(Excerpted records begins)

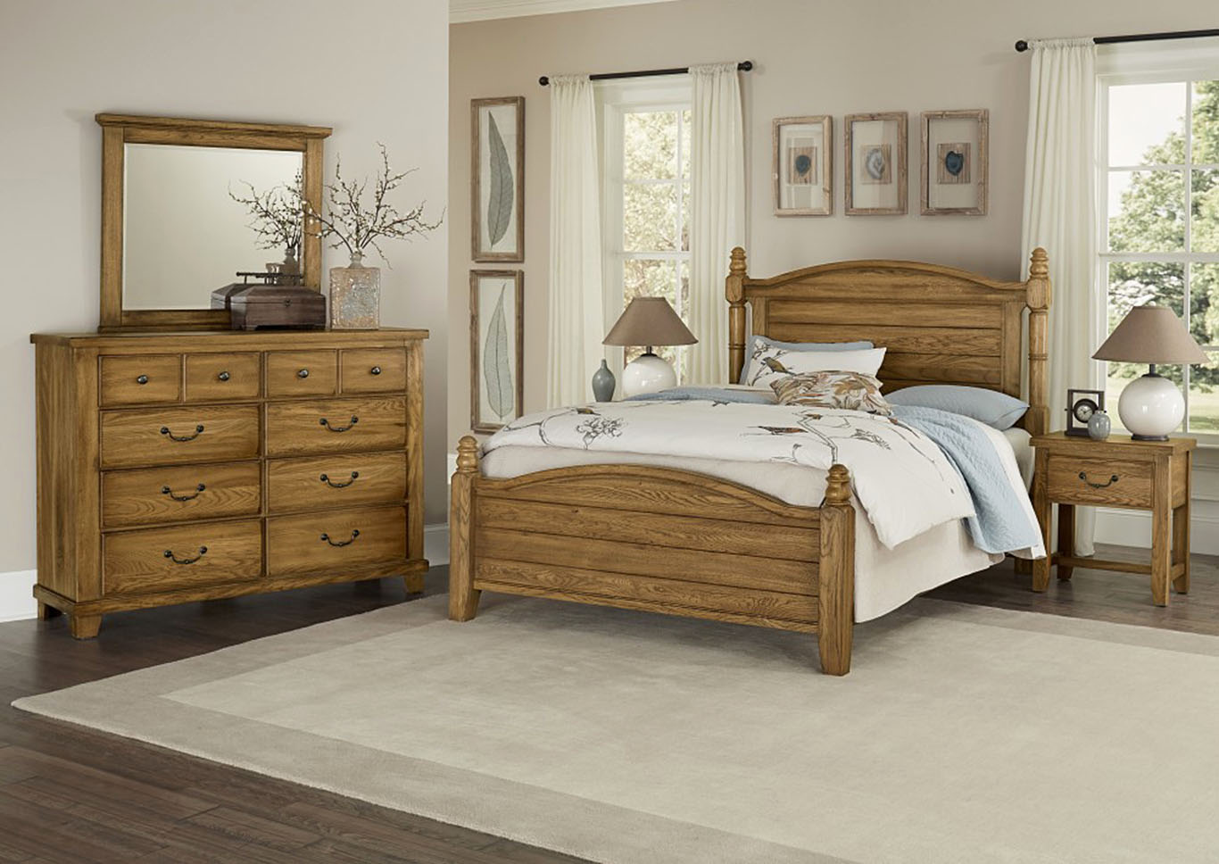 Rustic Cottage Oak Poster King Bed Red Barn Furniture Outlet
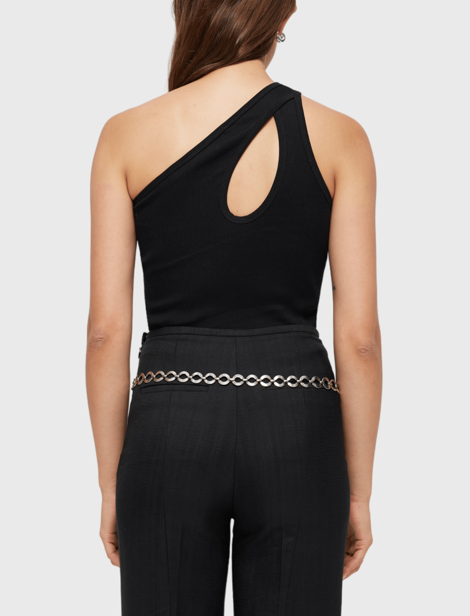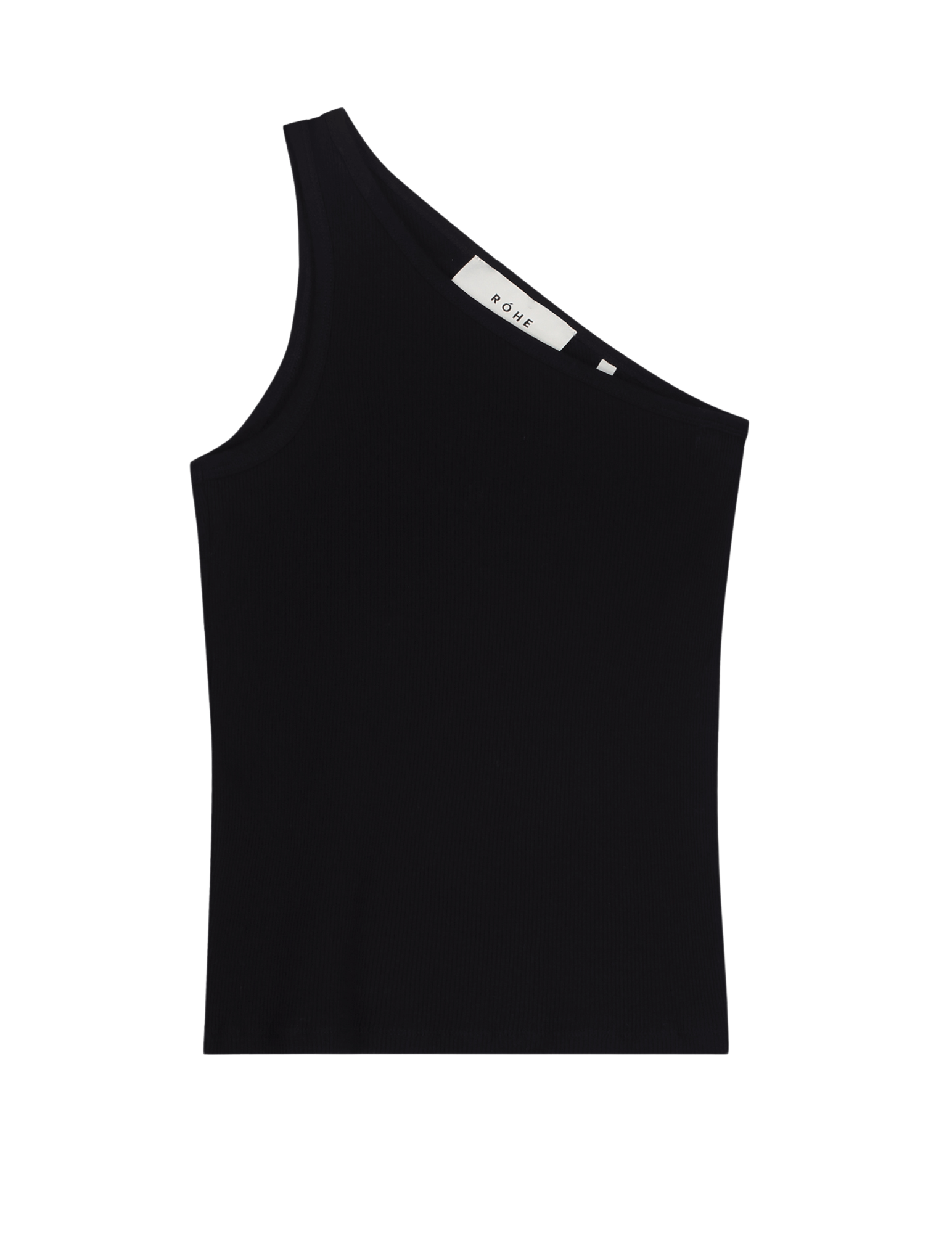 The Róhe Asymmetrical Rib Top in Noir is made from 100% Mercerised Cotton
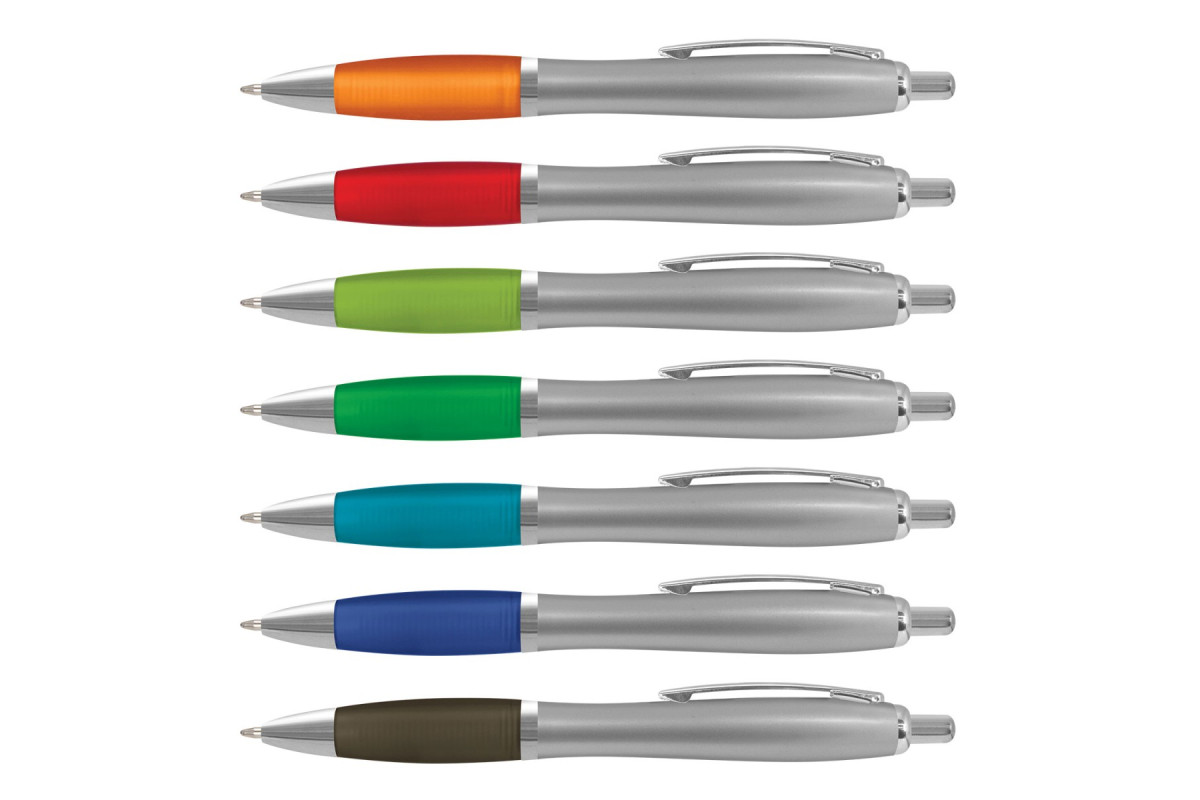 Retractable plastic ballpoint pen with a translucent barrel, a frosted translucent soft-touch grip and shiny chrome trim. It has a black large volume refill with 1800 metres of German manufactured Dokumental ink and can be presented in an optional pen sleeve . Features: * Retractable plastic ballpoint pen with a metallic silver barrel * 1800m of black Dokumental ink * Soft-touch grip and shiny chrome trim * Optional pen sleeve available
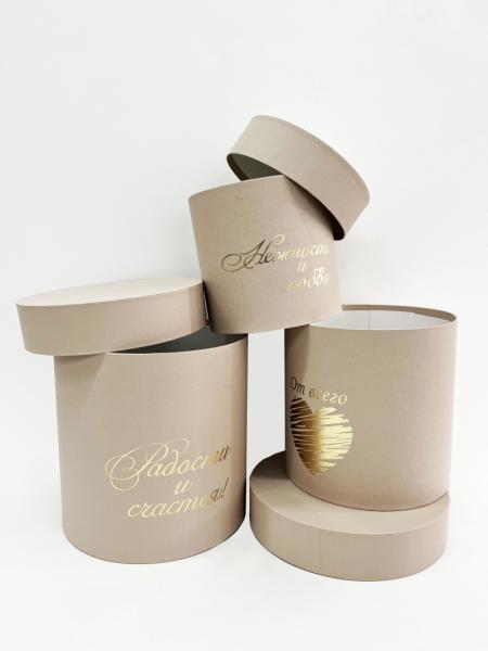 Коробки круглые Набор из 3х (13*13/16*16/18*18) с тиснением "Пожелания" кофе с молоком
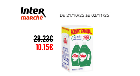 En ce moment dans les magasins Intermarché vous pouvez obtenir la Lessive Liquide Le Chat 132 Lavages à 10.15€.
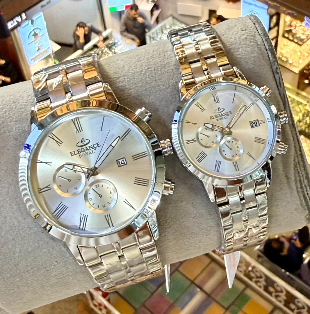 ست الگانس فلزی، موتور ژاپن، یکسال گارانتی شرکتی، در طرح ورنگهای مختلف، شیشه سافیر ضدخش، مقاوم در برابر آب، دونه ای ۲۵۰۰
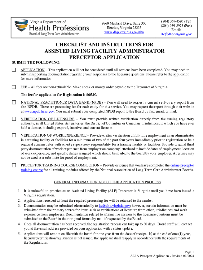This document outlines the application process for becoming a registered Preceptor for Assisted Living Facilities in Virginia. It provides detailed instructions, necessary documentation, and important information regarding fees, licensure verification, work experience verification, and submission methods for the application.
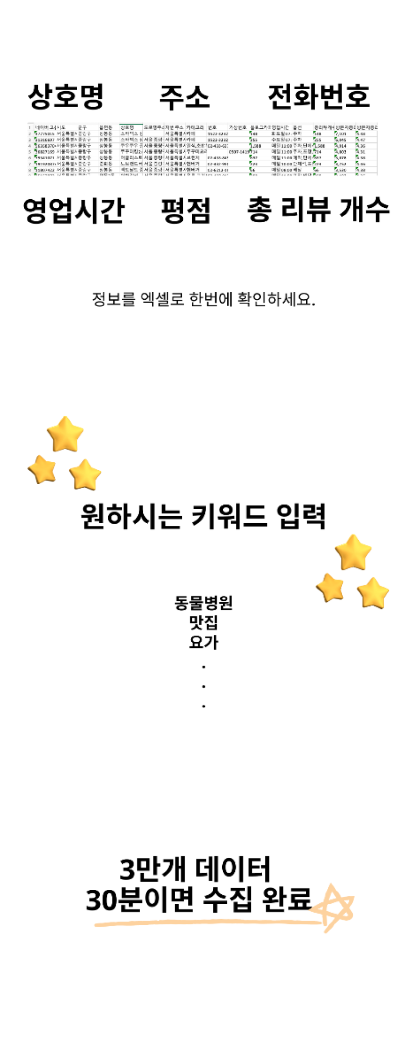 *부가세 포함입니다.*계산서 발행 가능합니다.-----프로그램이 점점 최적화 & 업데이트 되고 있습니다. 1. 신규업체 추출기능네이버 플레이스 신규등록된 업체만 모아서 추출 가능.2. 전국 데이터 추출동단위 까지 모두 선택가능.서울시만 선택하면,서울시에 포함된 서울시+구+동 조합으로키워드검색 가능3. 업체별 키워드별 랭킹 추적- 검색키워드, 랭킹이 업체별로 누적됨- 업체별 키워드별 순위를 보고 싶은 마케팅 업체에게 강추!!4. 이미지 다운로드업체별로 이미지 다운로드까지5. 모든 데이터 엑셀 다운로드6. 검색기능업체 코드, 업체명 검색기능 ----현재 제공하는 정보(업체명, 카테고리, 도로명 주소, 전체 주소, 가상번호 및 번호, 신규여부,블로그 카페 리뷰 수, 전체 리뷰 수, 방문자 평점, 톡톡URL, 방문자 리뷰 수, 영업시간)N사 플레이스에 등록된 모든 업체의 정보 궁금하지 않으세요?---전국에 업체 정보를 엑셀로 정리하는 프로그램이 있어요키워드만 입력하면키워드에 해당되는 전국 업체의 모든 정보를엑셀로 다운로드 해줘요.프로그램을 구매하고 비즈니스를 성장시켜보세요. 서비스 제공 절차는 아래와 같습니다.1. .exe 파일로 드립니다.프로그램은 네이버에서큰 변동이 있지 않으면영구적으로 사용 가능합니다.맥에서도 가능합니다. 의뢰인 준비사항은 아래와 같습니다.1. 사용하고 계신 OS를 확인해주세요. (윈도우, 맥)
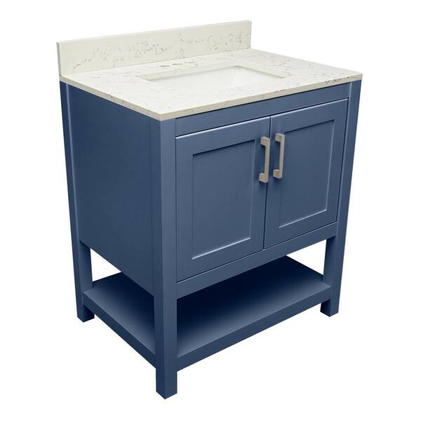 Taos 31 in. W x 22 in. D x 36 in. H Bath Vanity in Navy Blue with Lyra White Quartz Stone Top with White Basin
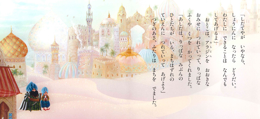 細密なタッチで描く、少年と魔法のランプのふしぎなものがたり
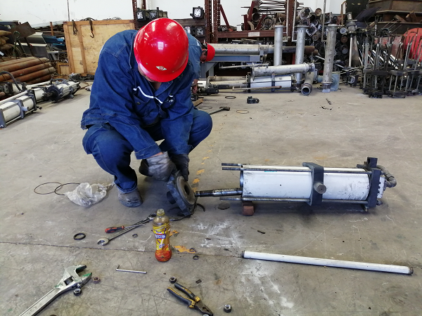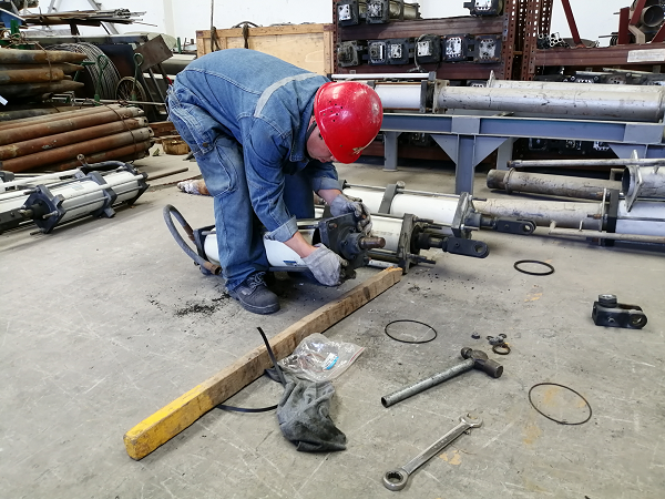 電解槽打殼氣缸是預(yù)焙陽極電解槽打殼下料裝置的專用設(shè)備,打殼氣缸在疏通火眼的同時(shí),能夠有效保證氧化鋁粉、氟化鋁通過火眼順利進(jìn)入電解槽鋁液內(nèi),從而達(dá)到物料平衡,避免因物料短缺產(chǎn)生突發(fā)效應(yīng)干擾電解槽正常運(yùn)行。由于打殼氣缸長期在高溫狀態(tài)下工作,氣缸密封圈極易老化破損,不僅會(huì)導(dǎo)致氣缸在打殼疏通火眼時(shí)綿軟無力,而且極易進(jìn)入異物卡死活塞使氣缸無法正常工作,嚴(yán)重的甚至?xí)霈F(xiàn)缸筒或者活塞拉傷,造成打殼氣缸整體報(bào)廢從而增加生產(chǎn)成本。針對此類情況,車間立即行動(dòng),對達(dá)到報(bào)廢標(biāo)準(zhǔn)的氣缸缸體進(jìn)行分檢歸類,從中挑選出可以使用的缸體和活塞進(jìn)行重新搭配組合,再通過切割、焊接將其改造成出鋁抬包C管套筒。改造后,出鋁抬包C管更換率明顯下降。截至目前,電解一車間通過打殼氣缸修舊利廢一項(xiàng)就可節(jié)省資金約4.8萬元。

(Excerpted records ends)

- _Problem to solve_
Each line above starting at the one holding "Retractable plastic ballpoint pen with a translucent" and ending at the one holding "This document outlines" should be set down exactly as it stands, both ends included, with no pictures.

- _Response to this task_
 Retractable plastic ballpoint pen with a translucent barrel, a frosted translucent soft-touch grip and shiny chrome trim. It has a black large volume refill with 1800 metres of German manufactured Dokumental ink and can be presented in an optional pen sleeve . Features: * Retractable plastic ballpoint pen with a metallic silver barrel * 1800m of black Dokumental ink * Soft-touch grip and shiny chrome trim * Optional pen sleeve available
 Коробки круглые Набор из 3х (13*13/16*16/18*18) с тиснением "Пожелания" кофе с молоком
 En ce moment dans les magasins Intermarché vous pouvez obtenir la Lessive Liquide Le Chat 132 Lavages à 10.15€.
 ست الگانس فلزی، موتور ژاپن، یکسال گارانتی شرکتی، در طرح ورنگهای مختلف، شیشه سافیر ضدخش، مقاوم در برابر آب، دونه ای ۲۵۰۰
This document outlines the application process for becoming a registered Preceptor for Assisted Living Facilities in Virginia. It provides detailed instructions, necessary documentation, and important information regarding fees, licensure verification, work experience verification, and submission methods for the application.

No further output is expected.